Through the worst of Argentina's post-devaluation recession, a securitization of oil and gas royalties originated by the province of Salta made good on its payments. But now, six years after the economy touched bottom and subsequently entered a prolonged growth spurt, the province may end up doing what many Argentine issuers did six years ago - restructure.

"Officials from Salta's provincial government have expressed...their intention to propose a restructuring of the notes' terms," said Standard & Poor's in a release. Officials from Salta's finance ministry didn't answer a request for comment.

In anticipation of a potential move by the government, the agency put the deal's B' rating on CreditWatch Negative. Moody's Investors Service rates it Caa2'. The transaction was initially $234 million, with an 11.5% coupon and 14-year maturity. Lehman Brothers lead the issuance in 2001.

The structure is backed by 80% of all royalty payments owed the province by 17 private companies operating concessions in the oil and gas sectors. Exactly what Salta could do to coax investors to accept new terms remained unclear. "Some of the structural bells and whistles are in Argentina and some of them are offshore," said Stephan Feder, a partner at Simpson Thacher & Bartlett, which counseled Lehman on the deal.

The concessionaires covered in the deal pay a percentage of royalty payments directly to an offshore trust account. "The provisions, in addition to a diversified obligor base, negative covenants regarding government interference, and other structural features, limit but do not eliminate the provincial government's ability to carry out its intention to restructure the transaction," S&P said.

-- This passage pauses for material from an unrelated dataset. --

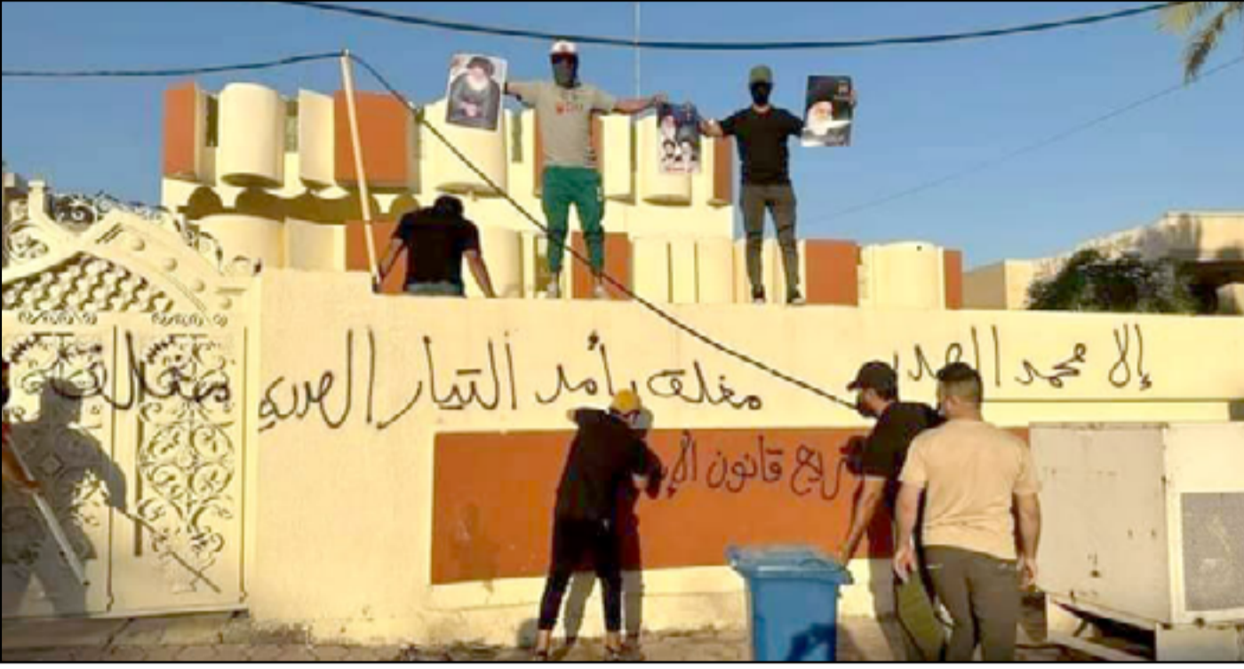
انصار التيار الصدري يغلقون مقرات لحزب الدعوة

وفيما يبدو وكأنه نداء الى جمهوره بعدم الاستمرار في التصعيد، قال الصدر: "أملاً منهم أن يعطوا الفرصة لمن بقي من

The deal is currently up to date on its amortization schedule, having previously fallen behind on principal payments, an event that didn't constitute a default under transaction documents. Assuming the deal made its March 28 coupon payment, the amount outstanding would be $159 million, according to Sol Ventura, an analyst at S&P.

The federal government's cap on energy prices has dampened investment in Salta's gas and oil industry. As a result, lower-than-expected production has curbed the royalty payments into the structure, since they are based on actual sales made by the concessionaires. On the other hand, high prices have mitigated that downward pressure on cash flows.

Sovereign Risk Insurance, on behalf of ACE Bermuda Insurance, provides political risk protection for the deal. The policy has never been drawn. Although during the depths of the economic crisis there was a period when the trustee could not convert and transfer foreign currency, that disruption lasted less than the 90-day period stipulated by the insurance. An attempt by the government to divert payments wouldn't constitute a political risk event, and would therefore not be covered by the policy.